● What to produce
When you copy the data that follows, reproduce every word exactly and leave out the images.

● Data
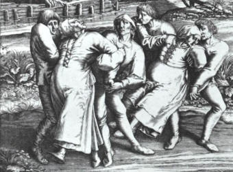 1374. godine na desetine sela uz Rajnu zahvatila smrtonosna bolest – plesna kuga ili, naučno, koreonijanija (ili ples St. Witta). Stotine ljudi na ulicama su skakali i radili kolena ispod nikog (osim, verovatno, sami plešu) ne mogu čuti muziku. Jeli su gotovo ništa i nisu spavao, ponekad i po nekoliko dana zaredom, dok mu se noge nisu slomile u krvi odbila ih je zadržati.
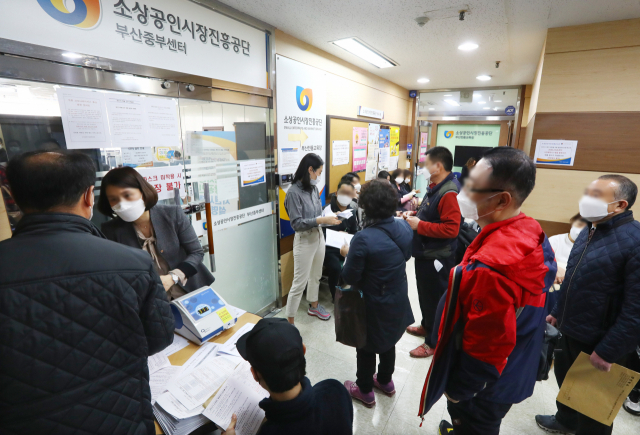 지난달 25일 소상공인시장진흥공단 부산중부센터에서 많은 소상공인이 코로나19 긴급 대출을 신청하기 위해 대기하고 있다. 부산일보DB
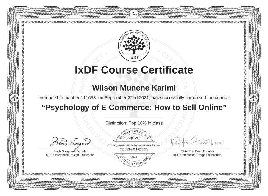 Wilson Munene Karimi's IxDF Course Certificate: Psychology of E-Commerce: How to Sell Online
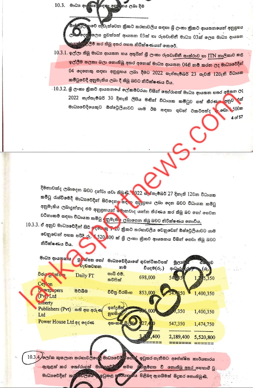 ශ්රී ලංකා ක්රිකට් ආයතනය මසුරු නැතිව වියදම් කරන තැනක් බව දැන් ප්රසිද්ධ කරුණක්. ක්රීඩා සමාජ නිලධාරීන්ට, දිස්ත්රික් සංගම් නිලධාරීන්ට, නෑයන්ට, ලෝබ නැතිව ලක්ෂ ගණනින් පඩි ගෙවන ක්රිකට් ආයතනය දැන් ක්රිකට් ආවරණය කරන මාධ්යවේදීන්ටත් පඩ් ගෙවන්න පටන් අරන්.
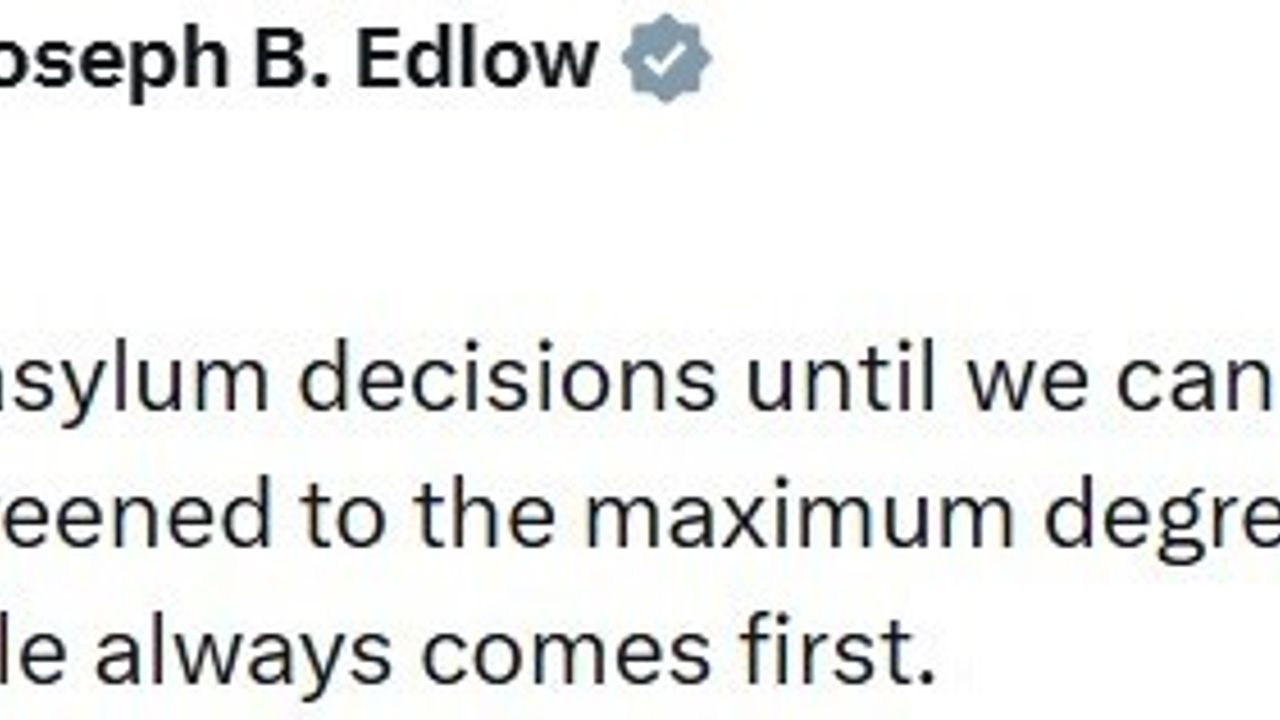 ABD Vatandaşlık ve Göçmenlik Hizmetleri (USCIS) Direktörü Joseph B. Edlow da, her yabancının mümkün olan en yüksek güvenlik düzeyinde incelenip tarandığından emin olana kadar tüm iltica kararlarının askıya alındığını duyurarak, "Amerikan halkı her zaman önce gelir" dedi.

● Task output
 1374. godine na desetine sela uz Rajnu zahvatila smrtonosna bolest – plesna kuga ili, naučno, koreonijanija (ili ples St. Witta). Stotine ljudi na ulicama su skakali i radili kolena ispod nikog (osim, verovatno, sami plešu) ne mogu čuti muziku. Jeli su gotovo ništa i nisu spavao, ponekad i po nekoliko dana zaredom, dok mu se noge nisu slomile u krvi odbila ih je zadržati.
 지난달 25일 소상공인시장진흥공단 부산중부센터에서 많은 소상공인이 코로나19 긴급 대출을 신청하기 위해 대기하고 있다. 부산일보DB
 Wilson Munene Karimi's IxDF Course Certificate: Psychology of E-Commerce: How to Sell Online
 ශ්රී ලංකා ක්රිකට් ආයතනය මසුරු නැතිව වියදම් කරන තැනක් බව දැන් ප්රසිද්ධ කරුණක්. ක්රීඩා සමාජ නිලධාරීන්ට, දිස්ත්රික් සංගම් නිලධාරීන්ට, නෑයන්ට, ලෝබ නැතිව ලක්ෂ ගණනින් පඩි ගෙවන ක්රිකට් ආයතනය දැන් ක්රිකට් ආවරණය කරන මාධ්යවේදීන්ටත් පඩ් ගෙවන්න පටන් අරන්.
 ABD Vatandaşlık ve Göçmenlik Hizmetleri (USCIS) Direktörü Joseph B. Edlow da, her yabancının mümkün olan en yüksek güvenlik düzeyinde incelenip tarandığından emin olana kadar tüm iltica kararlarının askıya alındığını duyurarak, "Amerikan halkı her zaman önce gelir" dedi.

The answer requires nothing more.